VOLUNTEERS have practised the craft of hedge-laying, as part of a drive to keep traditional country skills alive and encourage wildlife in urban areas.
Thirteen residents have spent three days being taught the centuries old technique by a North Yorkshire County Council countryside rangers and have laid more than 100 metres of hedge at Omega Pond, Thurston Road, Northallerton.
The craft was originially developed to keep farm animals within fields and prolong their lifespan.
It has become less common since the Second World War due to changes in farming methods, but the council is promoting hedge-laying’s benefits for wildlife, as it rejuvenates hedgerows, creating more shelter and food for birds, mammals and insects.
The scheme follows a volunteer day in October at the Hambleton District Council-owned site, during which wildflower areas were created around the pond, and is part of a project to encourage more wildlife into the green spaces of the town.
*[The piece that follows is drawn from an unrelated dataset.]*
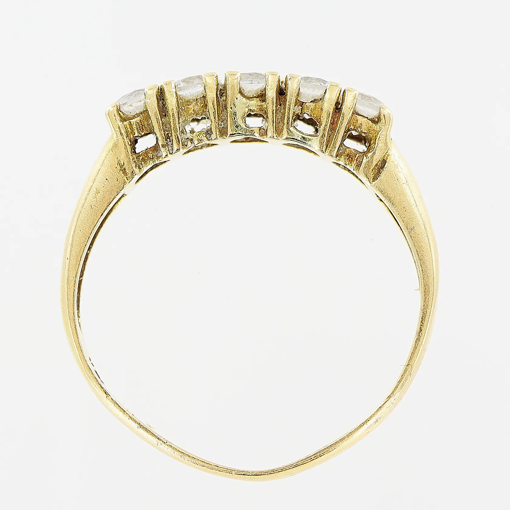 Ring, vita stenar, stl 17, bredd 2-3,5mm,18K. Vikt: 2,4 g.

The work on the site supports the Northallerton Environment Enhancement Initiative, which aims to enhance areas of abandoned and neglected land in and around the town for people and wildlife, and identify ways for locals to get involved.
Richard Furness, of Northallerton Blooming Together, has also sourced, planted and distributed more than 1,000 native bluebell bulbs within the town for local planting in support of the RHS Britain in Bloom competition.